• [Task]:
The pictures stay out. Please retype every line below exactly.

• [Data]:
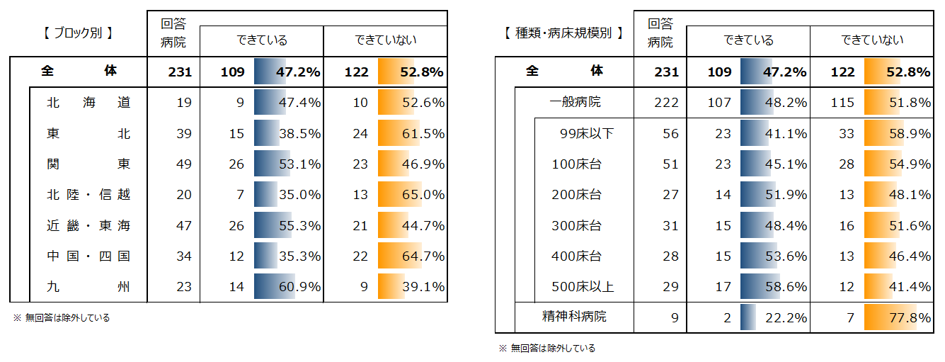 地域での役割分担や協力体制が出来ているのは、231病院中109病院、47.2%であった(①結果、【表19】)。
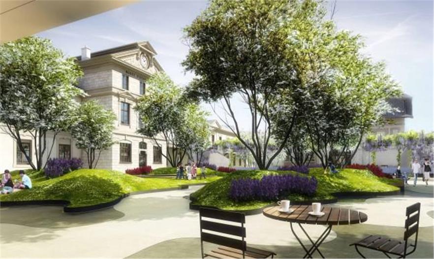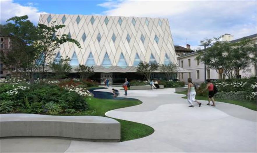 日內(nèi)瓦民族志博物館的散步道擴(kuò)展成為一個(gè)城市廣場,位于新博物館建筑群的入口建筑和學(xué)校建筑之間。該項(xiàng)目的設(shè)計(jì)方案需要把這個(gè)區(qū)域的日常生活和高品質(zhì)的展覽空間結(jié)合起來,就構(gòu)成了“花園地毯”這個(gè)中心設(shè)計(jì)理念。這個(gè)“地毯”理念是從中世紀(jì)傳統(tǒng)的“千朵花型”地毯發(fā)展而來,能令人想起通過精致裝飾構(gòu)成的理想化景觀。廣場上的香氣、聲音和顏色構(gòu)成了人們設(shè)想中美感,這是通過微型盆景以及花園地毯建立的多層結(jié)構(gòu)構(gòu)成。
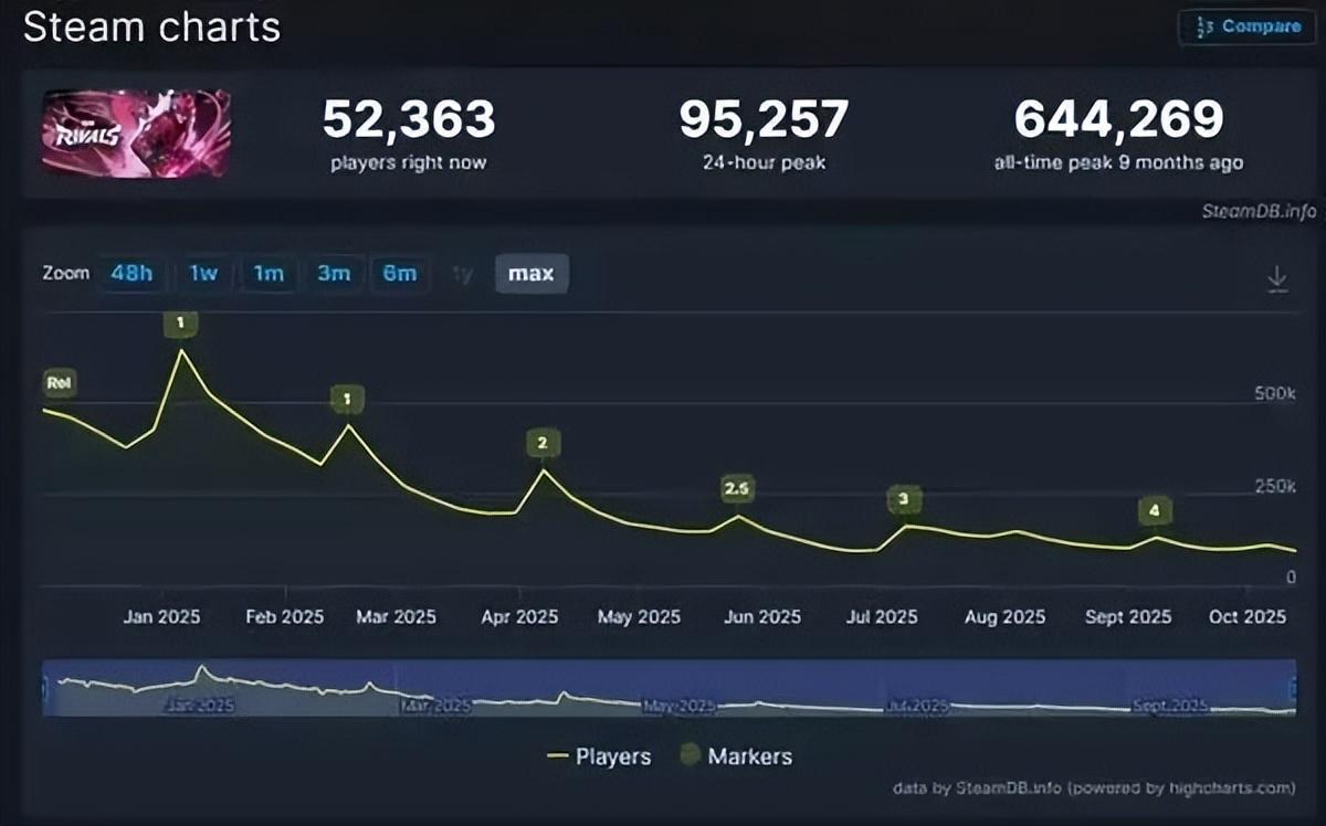 遊戲的後續表現也正如小弟感受的那樣,僅僅幾個月過去遊戲在線人數就暴跌,流失超8成玩家。從巔峯時期的64萬人在線到如今的幾萬人。

• [Exercise solution]:
 地域での役割分担や協力体制が出来ているのは、231病院中109病院、47.2%であった(①結果、【表19】)。
 日內(nèi)瓦民族志博物館的散步道擴(kuò)展成為一個(gè)城市廣場,位于新博物館建筑群的入口建筑和學(xué)校建筑之間。該項(xiàng)目的設(shè)計(jì)方案需要把這個(gè)區(qū)域的日常生活和高品質(zhì)的展覽空間結(jié)合起來,就構(gòu)成了“花園地毯”這個(gè)中心設(shè)計(jì)理念。這個(gè)“地毯”理念是從中世紀(jì)傳統(tǒng)的“千朵花型”地毯發(fā)展而來,能令人想起通過精致裝飾構(gòu)成的理想化景觀。廣場上的香氣、聲音和顏色構(gòu)成了人們設(shè)想中美感,這是通過微型盆景以及花園地毯建立的多層結(jié)構(gòu)構(gòu)成。
 遊戲的後續表現也正如小弟感受的那樣,僅僅幾個月過去遊戲在線人數就暴跌,流失超8成玩家。從巔峯時期的64萬人在線到如今的幾萬人。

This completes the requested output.